TASK REQUIREMENTS: Print every line of the listing below, starting with the line that holds "Echeveria 'Imbricata' - hen and chicks" and going on through the line that holds "Lovely, drought-tolerant edging", both included, and print nothing else.

RECORDS FOR THIS TASK:
------
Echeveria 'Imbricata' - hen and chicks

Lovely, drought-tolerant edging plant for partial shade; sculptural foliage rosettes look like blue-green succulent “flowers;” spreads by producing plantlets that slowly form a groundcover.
------
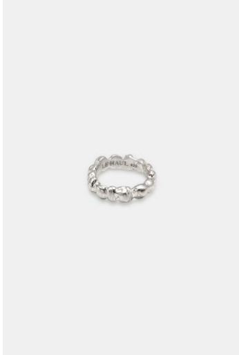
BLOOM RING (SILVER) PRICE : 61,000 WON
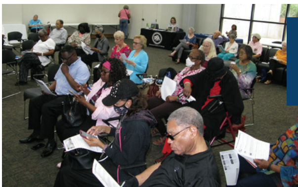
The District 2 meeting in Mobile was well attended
------
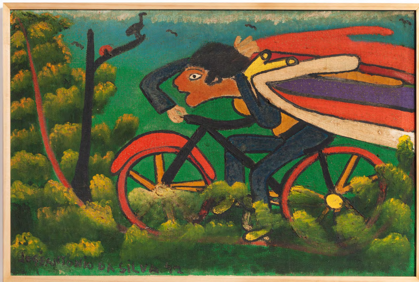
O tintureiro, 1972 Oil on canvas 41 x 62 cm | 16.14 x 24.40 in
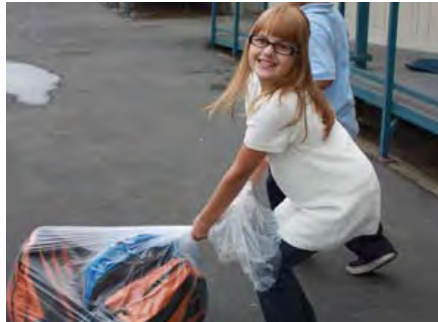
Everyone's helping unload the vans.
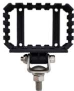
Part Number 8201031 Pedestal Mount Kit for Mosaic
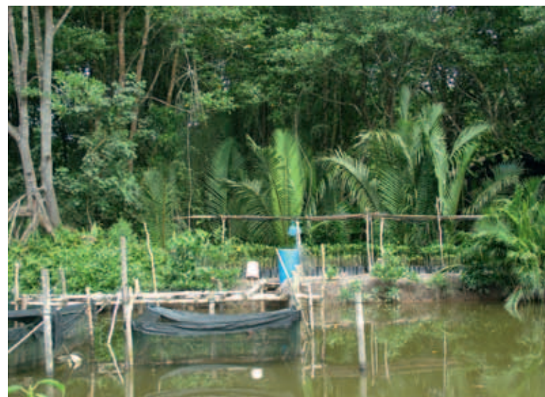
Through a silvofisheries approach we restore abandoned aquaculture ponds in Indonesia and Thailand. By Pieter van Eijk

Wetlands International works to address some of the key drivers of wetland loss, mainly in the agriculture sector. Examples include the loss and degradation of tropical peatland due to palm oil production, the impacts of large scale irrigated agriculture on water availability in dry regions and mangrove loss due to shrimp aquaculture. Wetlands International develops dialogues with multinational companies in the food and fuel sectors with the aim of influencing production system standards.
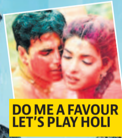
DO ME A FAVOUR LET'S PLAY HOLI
------
EXPECTED ANSWER:
Echeveria 'Imbricata' - hen and chicks

Lovely, drought-tolerant edging plant for partial shade; sculptural foliage rosettes look like blue-green succulent “flowers;” spreads by producing plantlets that slowly form a groundcover.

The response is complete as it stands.